**Task to complete:**
Copy each line of the data below exactly, leaving out pictures.

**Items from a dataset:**

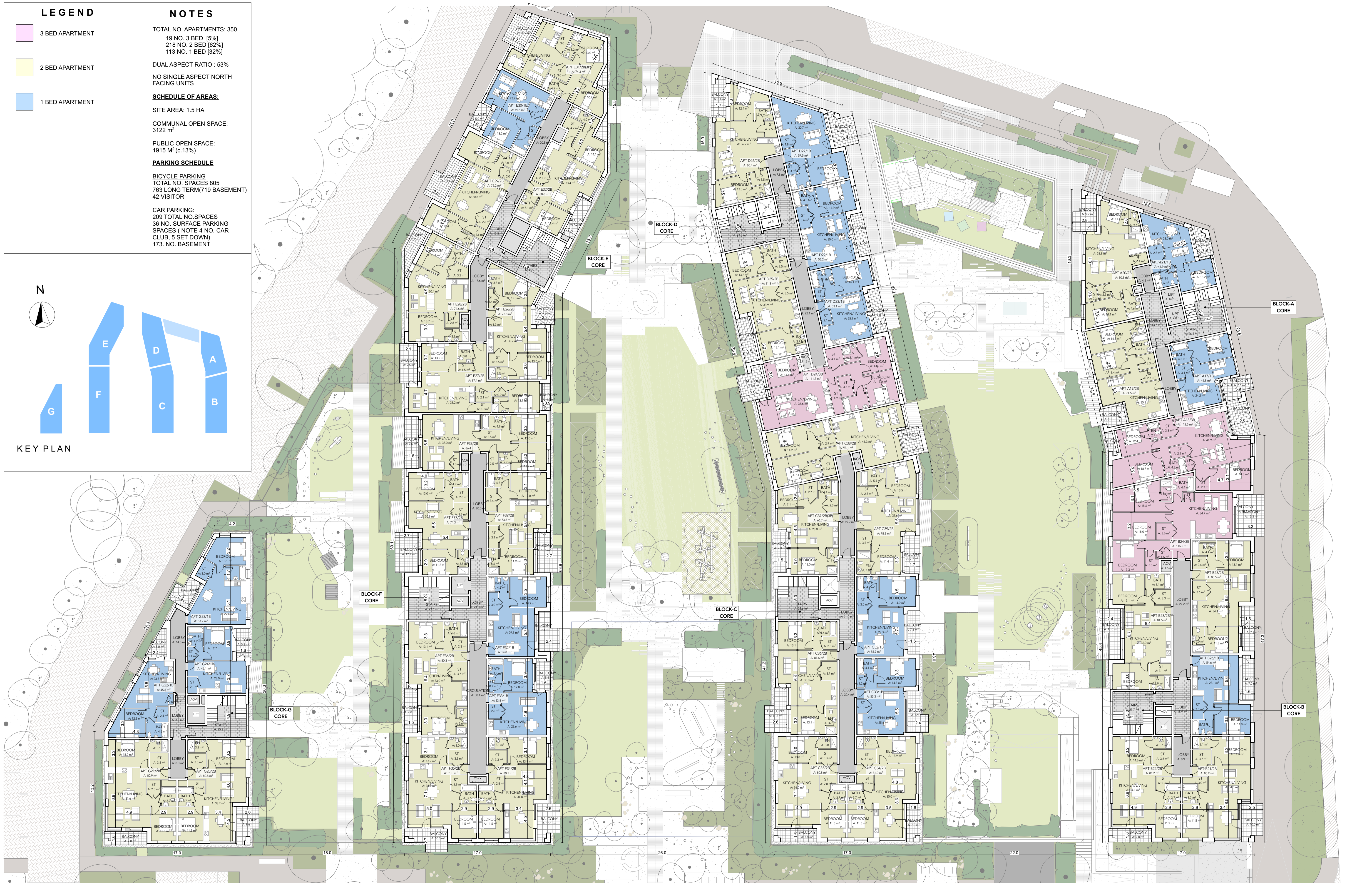
Fourth Floor Plan SCALE : 1:200
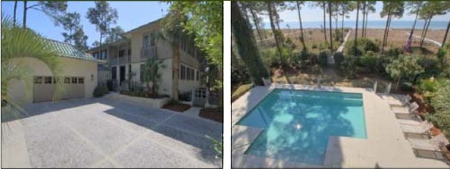
Belted Kingfisher - 5 BR, 4BA, 2 HBA $6,750,000
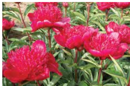
Jean Ericksen $20

Pink, double, midseason, 32" tall, lactiflora. Opens pink and fades to lovely picotee edgings. A shorter, nicely shaped landscape plant.
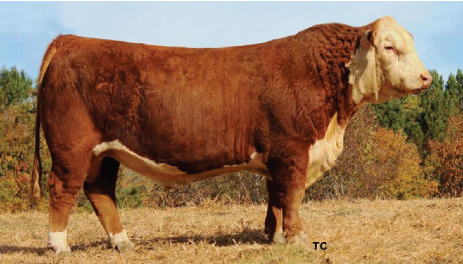
Innisfail WHR X651/723 4013 ET--Featured Sire, owned with White Hawk Ranch & ST Genetics Mohican West & Guest
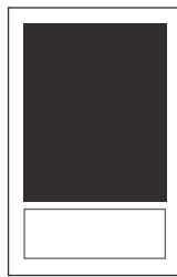
Three Quarter Page 4.5" x 5.125" $1,000
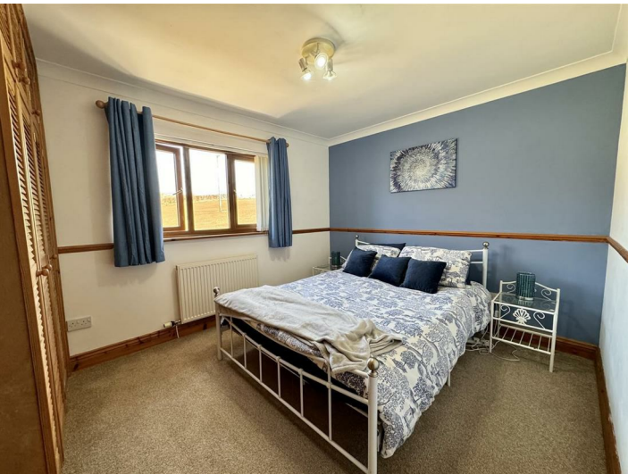
With window to rear & radiator.

10' 8" x 9' 8" (3.05m 2.44m x 2.74m 2.44m )
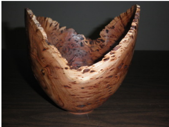
Siberian elm natural edge vase without bark
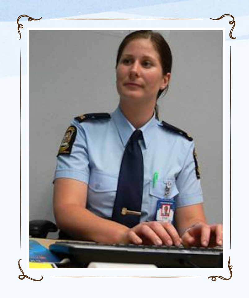
work as a customs officer
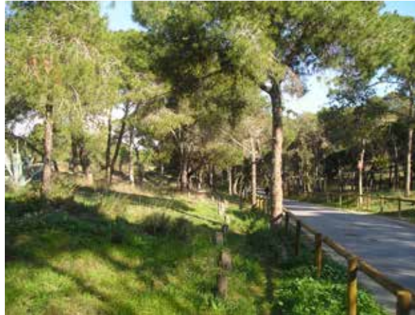
Guardamar dune pine forest G.T.

Guardamar is a small district of 22 square miles and 17,000 inhabitants in the low seasons and is right in the middle of it all. It is a Mediterranean resort, 30 minutes south of Alicante International Airport with a large 2,500-acre coastal dune-pine forest abutting a 6-mile long beach of white sand to the north and south of the River Segura, which is 202 miles long from its source in southern Spain. Almost 80% of the district is made up of protected woodlands, sand dunes and traditional irrigation and dry farming lands.
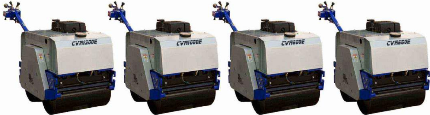
CVR1200E42 (OPTION : CVR1200X42) CVR1000E38 CVR800E32 CVR650E28

CVR1200X42 / CVR1200E42 / CVR1000E38 / CVR800E32 / CVR650E28
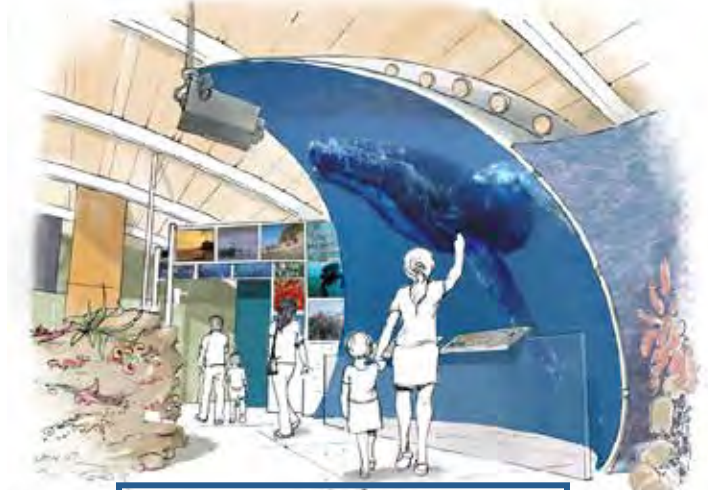
Walk thru Theater
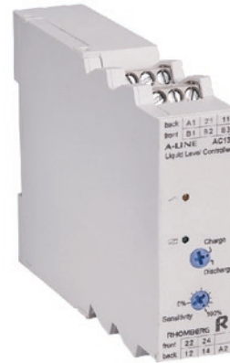
DIN Rail AC130
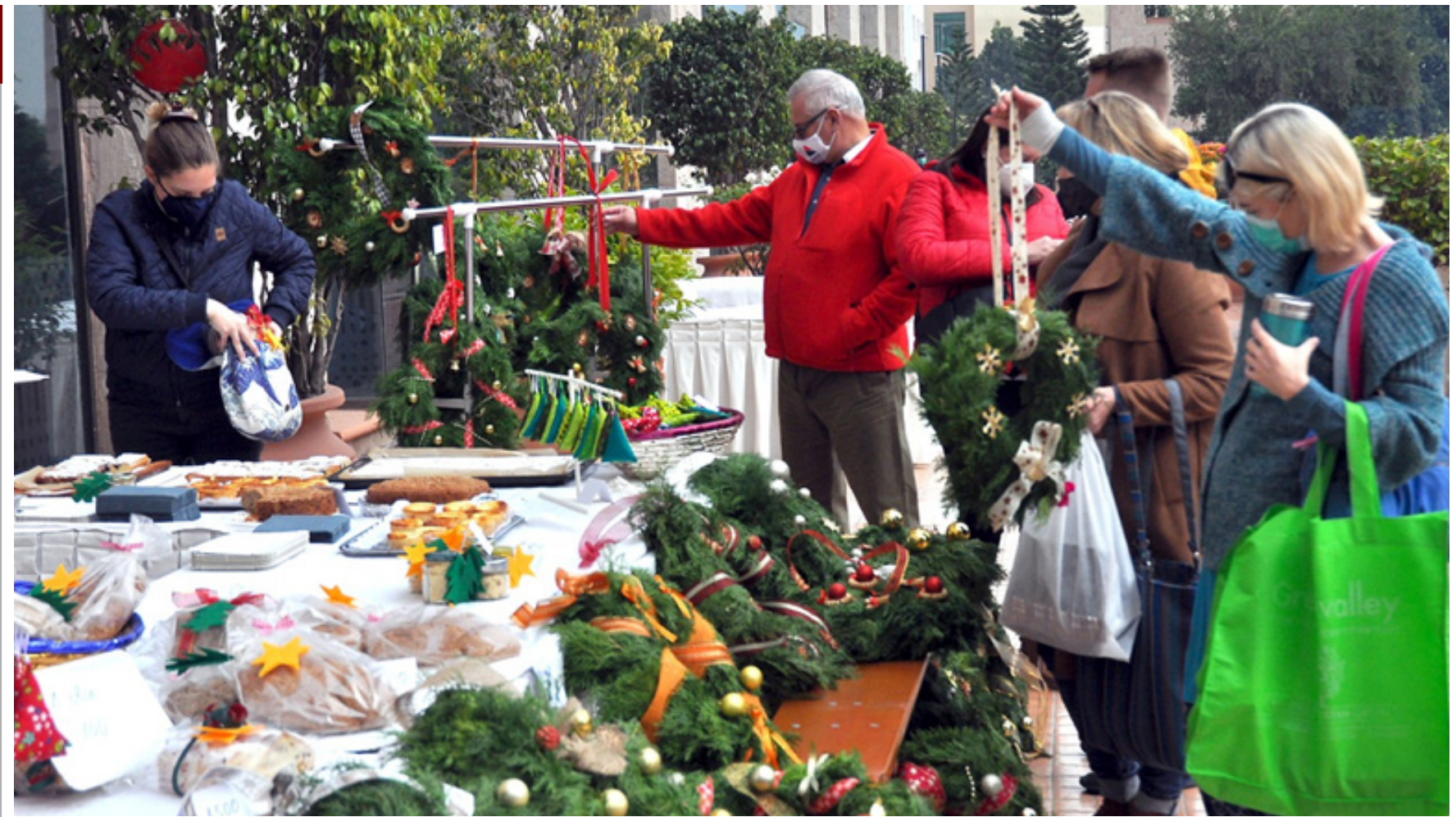
ISLAMABAD: Visitors taking interest in various items displayed on the occasion of Islamabad Foreign Women Association (IFWA) Charity bazaar held at Islamabad Serena Hotel on Sunday.

ISLAMABAD: Three day long "Winter Food festival" will be held from November 27 to 29, aiming to provide healthy environment and different types of food to citizens of twin cities at Ayub Park. Multiple cuisines will be placed including desi, chinese, continental, italian and other types of food. The festival will include variety of events including fashion Show, cultural dances musical concerts, stalls, fun activities and much more. It would be the biggest festival of the year to enthrall the people of twin cities with so much enjoyment and pleasure, an organizer told on Monday. He said that it was a family ambiance event that has specifically been arranged to enhance the cuisine and cultural activities and provide healthy entertainment to citizens of Rawalpindi and Islamabad.- APP

**Finished task:**
Fourth Floor Plan SCALE : 1:200
Belted Kingfisher - 5 BR, 4BA, 2 HBA $6,750,000
Jean Ericksen $20

Pink, double, midseason, 32" tall, lactiflora. Opens pink and fades to lovely picotee edgings. A shorter, nicely shaped landscape plant.
Innisfail WHR X651/723 4013 ET--Featured Sire, owned with White Hawk Ranch & ST Genetics Mohican West & Guest
Three Quarter Page 4.5" x 5.125" $1,000
With window to rear & radiator.

10' 8" x 9' 8" (3.05m 2.44m x 2.74m 2.44m )
Siberian elm natural edge vase without bark
work as a customs officer
Guardamar dune pine forest G.T.

Guardamar is a small district of 22 square miles and 17,000 inhabitants in the low seasons and is right in the middle of it all. It is a Mediterranean resort, 30 minutes south of Alicante International Airport with a large 2,500-acre coastal dune-pine forest abutting a 6-mile long beach of white sand to the north and south of the River Segura, which is 202 miles long from its source in southern Spain. Almost 80% of the district is made up of protected woodlands, sand dunes and traditional irrigation and dry farming lands.
CVR1200E42 (OPTION : CVR1200X42) CVR1000E38 CVR800E32 CVR650E28

CVR1200X42 / CVR1200E42 / CVR1000E38 / CVR800E32 / CVR650E28
Walk thru Theater
DIN Rail AC130
ISLAMABAD: Visitors taking interest in various items displayed on the occasion of Islamabad Foreign Women Association (IFWA) Charity bazaar held at Islamabad Serena Hotel on Sunday.

ISLAMABAD: Three day long "Winter Food festival" will be held from November 27 to 29, aiming to provide healthy environment and different types of food to citizens of twin cities at Ayub Park. Multiple cuisines will be placed including desi, chinese, continental, italian and other types of food. The festival will include variety of events including fashion Show, cultural dances musical concerts, stalls, fun activities and much more. It would be the biggest festival of the year to enthrall the people of twin cities with so much enjoyment and pleasure, an organizer told on Monday. He said that it was a family ambiance event that has specifically been arranged to enhance the cuisine and cultural activities and provide healthy entertainment to citizens of Rawalpindi and Islamabad.- APP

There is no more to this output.